Но и тот тоже молчал. И лейтенант не знал, что в эту минуту капитан видел перед собой не зимний лес, не бугры землянок, занесенных снегом, а невероятно далекий для него сейчас тихий, мглистый воскресный день ранней осени, улицу, театр, толпу и девушку в красном шерстяном платочке на голове. Они шли рядом. У нее были серые глаза, и она тихо пела:
Мой миленький дружок,
Любезный пастушок…
Но рассказать об этом было невозможно, и капитан молчал.
Из оперативного отдела высунулась голова без шапки с черными всклоченными волосами и крикнула:
— Капитан!
Капитан обернулся на оклик, кивнул с какой-то тенью улыбки на лице лейтенанту и скрылся за дверью землянки.
Лейтенант стоял и слушал, как переговаривались бойцы-лыжники под елью.
— Федь, а вчера в батальоне водку давали.
— Врешь!
— Зачем врать? Точно говорю. Сам видел, старшина ходил с бидоном и спрашивал, где Федька Черкашин. Я, говорит, ему целый литр дам, чтоб у него лапы не мерзли.
— Пошел к черту! Опять начал?
— Федь, а Федь, нет, правда, отчего у тебя ноги так мерзнут? Ты бы их чем-нибудь смазывал.
— Был бы я такой жеребец с копытами, как ты, у меня б тоже не мерзли.
Из землянки быстро вышел капитан.
— Черкашин! — крикнул он. — Маскхалат!
Один из лыжников быстро подбежал к нему, передал маскхалат. Капитан начал натягивать его на себя.
Непосвященным надо при этом сказать, что зимние маскхалаты состояли обычно из брюк и широкой рубахи с капюшоном. Шились они из обыкновенной тонкой белой материи, ну, скажем, из той, что идет на простыни или на наволочки. Новенькие эти маскхалаты всегда придавали бойцам особенный, нарядный, бравый вид.
Но лейтенант, наблюдая, как одевался капитан, подумал почему-то о том, в какой ослепительный цвет красит эту белую ткань человеческая кровь, льющаяся из раны. Он видел, как это бывает.
— Ну, пока, лейтенант, — сказал капитан.
Он стал на лыжи, поданные ему бойцом, махнул на прощание рукой, улыбнулся.
— Не забудете? То был дуэт из «Пиковой дамы».
Сопровождаемый двумя лыжниками, он быстро покатил прочь.
Лейтенант смотрел ему вслед. Он, конечно, не знал, что видел его в первый и последний раз.
— В тот день он был убит, — сказал Николаев.
Мы сидели за столиком в буфете театра.

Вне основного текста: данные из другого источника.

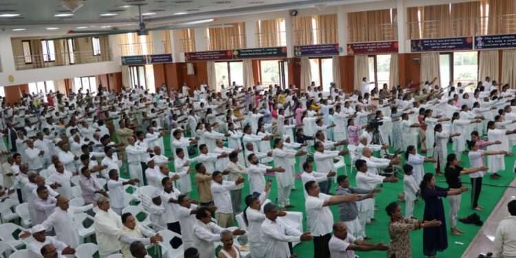 ಬೆಂಗಳೂರು: 11ನೇ ಅಂತಾರಾಷ್ಟ್ರೀಯ ಯೋಗ ದಿನಾಚರಣೆಯ ಪೂರ್ವಭಾವಿಯಾಗಿ, ಕೇಂದ್ರ ಸಂವಹನ ಇಲಾಖೆಯು ಬ್ರಹ್ಮಕುಮಾರಿ ಸಂಸ್ಥೆಯ ಸಹಯೋಗದೊಂದಿಗೆ ಜೂನ್ 15ರಂದು ಬೆಂಗಳೂರಿನ ಗೊಟ್ಟಿಗೆರೆಯ ರಾಜಯೋಗ ಭವನದಲ್ಲಿ ಸಾಮೂಹಿಕ ಯೋಗ ಕಾರ್ಯಕ್ರಮವನ್ನು ಆಯೋಜಿಸಿತು. ಈ ಕಾರ್ಯಕ್ರಮದಲ್ಲಿ ಸಾವಿರಕ್ಕೂ ಹೆಚ್ಚು ಯೋಗ ಉತ್ಸಾಹಿಗಳು ಭಾಗವಹಿಸಿ, ಮಕ್ಕಳಿಂದ ಹಿರಿಯರವರೆಗಿನ ಎಲ್ಲಾ ವಯಸ್ಸಿನ ಯೋಗಾಭ್ಯಾಸಿಗಳು ಯೋಗಾಸನಗಳನ್ನು ಪ್ರದರ್ಶಿಸಿದರು.

Здесь, во время антракта, он и рассказал мне эту давнюю короткую историю.
— Поздно вечером, в тот же день, — продолжал Николаев, — я был в землянке оперативного отдела, когда в дверь тяжело ввалился Черкашин. Я узнал его. Но он был уже не тот нарядный белый снеговик, как давеча утром. И лицо его, и вся левая сторона маскхалата были совершенно черными. Я знал отчего. Я мог поручиться, что недалеко от него, когда он лежал на снегу, упал снаряд, вырыл яму и, взорвавшись, обдал его черной грязью.

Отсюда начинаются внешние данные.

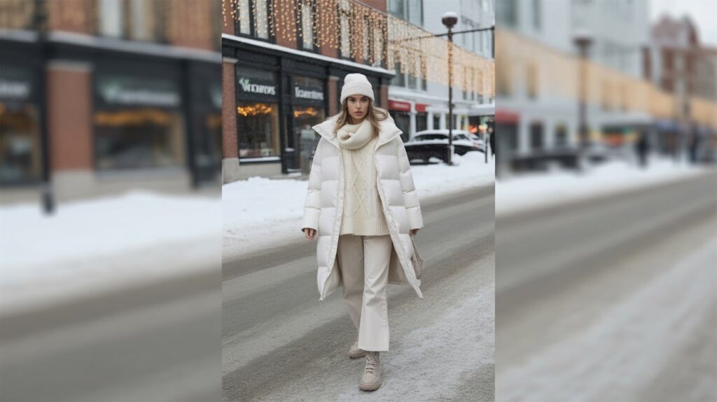 This outfit photographs best near darker storefronts, pine garlands, and warm lights that add contrast. Choose fabrics with texture—ribbed knits, wool, and quilted outerwear—so the all-white palette has depth. For market strolls, bring gloves and a crossbody in a soft neutral tone. If you want a small festive touch, add a red lip or a tiny red hair bow for one pop of color that still feels minimal.

Черкашин пришел в штаб с донесением. Оказывается, отдельный лыжный батальон выполнил задачу и взял деревню на левом фланге дивизии. Но командир батальона был убит во время атаки. Это и был тот самый рыжий капитан, с которым я разговаривал утром.
Все это Черкашин поведал офицерам отдела после того, как вручил измятое, испачканное донесение.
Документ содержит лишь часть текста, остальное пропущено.